The latter mechanism of Fe(0) oxidation poses a challenge to microorganisms, in that they must use a solid phase as an electron donor (13). However, Shewanella spp. can use poised graphite cathodes as electron donors, so they are a group of organisms capable of using insoluble electron donors as well as acceptors (33, 46–48). While it is not known if S. oneidensis can oxidize Fe(II) under nitrate-reducing conditions, Shewanella spp. may oxidize Mn(II) under aerobic conditions (49). As such, R2 might be facilitated by nitrate-dependent Fe(II) oxidation by S. oneidensis.

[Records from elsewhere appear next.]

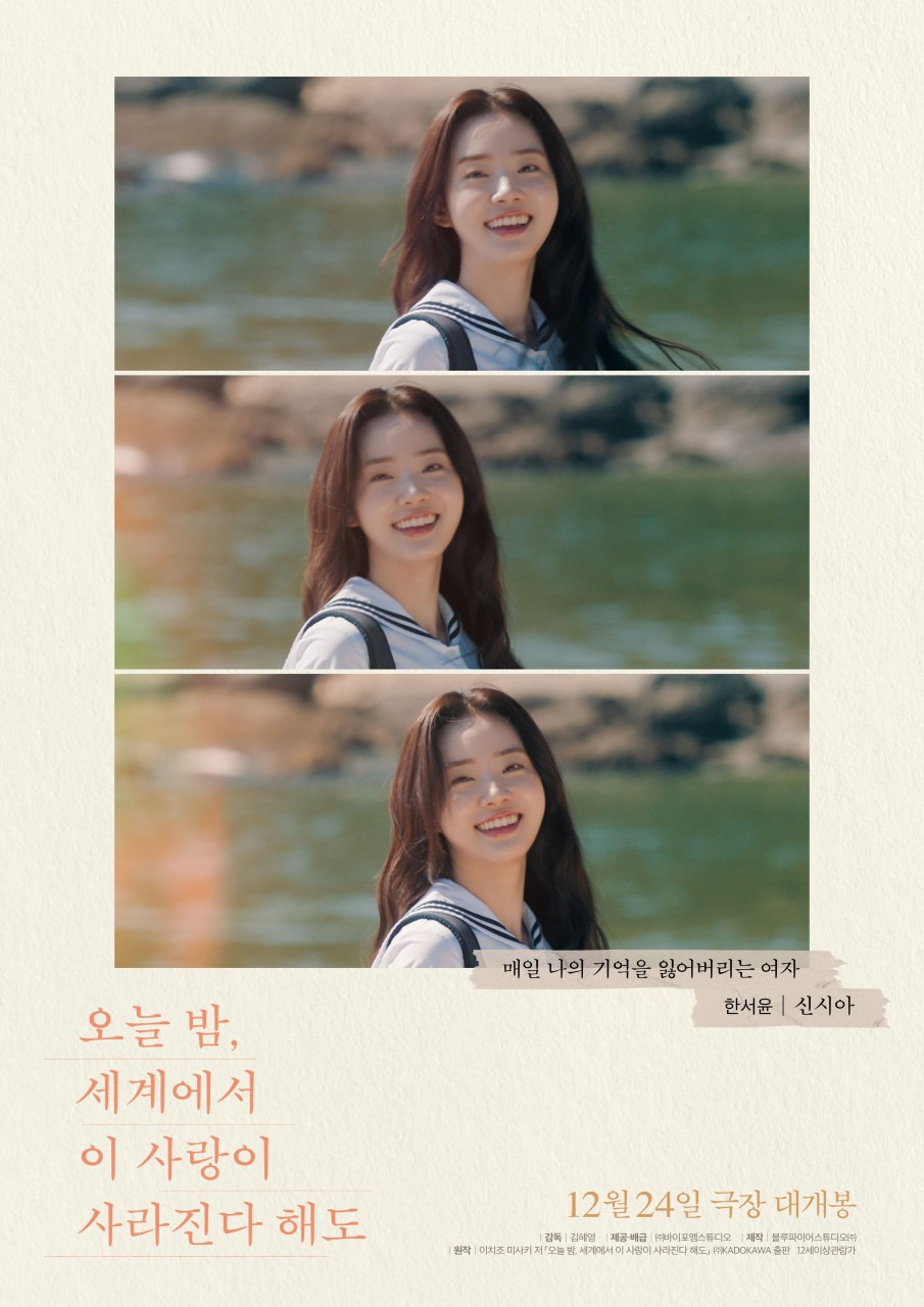 영화 <오늘 밤, 세계에서 이 사랑이 사라진다 해도>의 개봉이 하루 앞으로 다가왔습니다. (이하 오세이사) 영화 오세이사는 자고 일어나면 기억이 리셋되는 선행성 기억상실증을 앓는 여고생과, 무미건조한 일상을 살고 있는 평범한 남고생의 풋풋하고도 애틋한 사랑이야기를 담았다고 하는데요. 동명의 일본 소설을 원작으로 하고 있으며 추영우, 신시아, 진호은, 조유정 배우가 출연하는 것으로 알려져 있습니다.
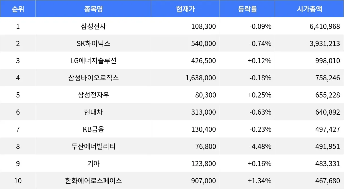 삼성전자 -0.09%, SK하이닉스 -0.74%, LG에너지솔루션 +0.12%...
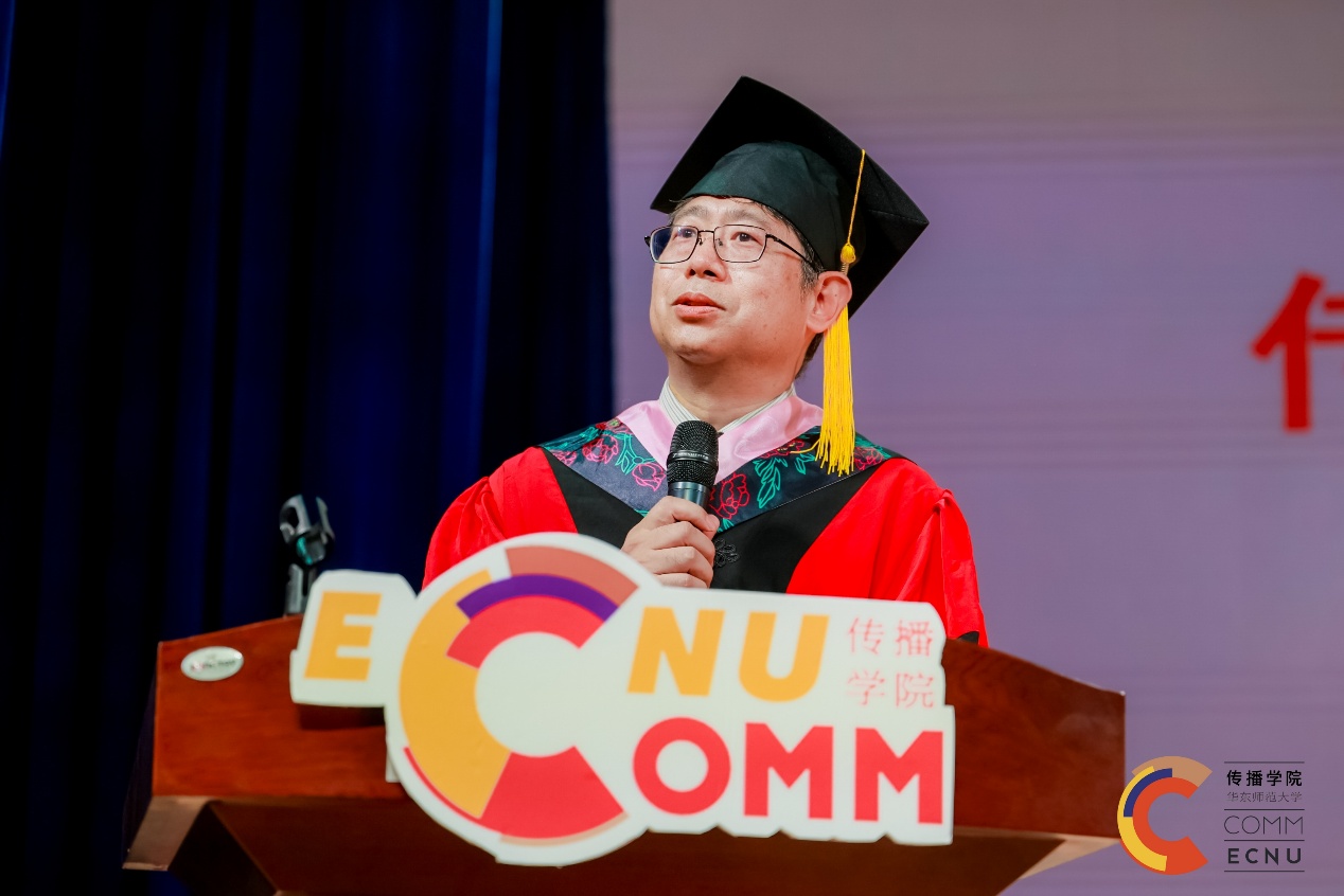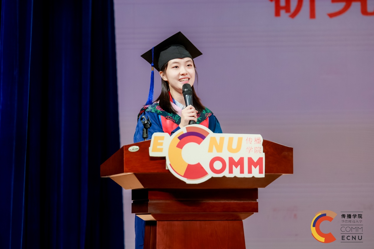 2022级新闻与传播专业硕士研究生秦凌悦作为研究生毕业生代表发言。在秦凌悦的回忆中,校园里次第绽放的花朵,见证着学子勤奋耕耘、不懈前行的历程,寄托着大家求员工涯中无数温暖记忆,也承载着毕业生们对未来人生的美好期待。“我们每个人都像一颗花树,在华师大、在传院的这片沃土上,完成了自己独特的生长与绽放。我们也将如那些花树一般,在不同的领域舒展出各异的美,展露出自己独一无二的花瓣。”

Regardless of the specific mechanism of carbon steel-Fe(0) oxidation, the above-described scenarios describe the use of Fe(0)-derived electrons to support nitrate reduction.
To test the hypothesis that Fe(0) oxidation (whether via R4 or R5) could be coupled to nitrate reduction by S. oneidensis, we conducted ZRA4, in which no lactate was included in the growth medium, and the WE1 chamber was inoculated with S. oneidensis (Table 1). Under these conditions, the only potential electron donor available to the cells is the Fe(0) in the carbon steel coupon. Upon inoculation of the WE1 chamber, a negative current gradually developed, with a concurrent increase in the potential in the WE1 chamber (Fig. 1A and B). The negative current indicated that WE1 was serving as the cathode in the split chamber, while WE2 was serving as the anode (Fig. 1 and 2, P5). This redox disequilibrium between electrodes was due to the activities of S. oneidensis. This conclusion is supported by the greater mass loss of WE2 than of WE1 at the conclusion of ZRA4 (Table 1). Additionally, nitrate consumption was observed, which indicated that Fe(0) was serving as an electron donor to support nitrate reduction by S. oneidensis (Fig. 1C). However, nitrite also accumulated in the incubation mixtures (Fig. 1D), which may have also oxidized Fe(0) (R1 and R3) (Fig. 2).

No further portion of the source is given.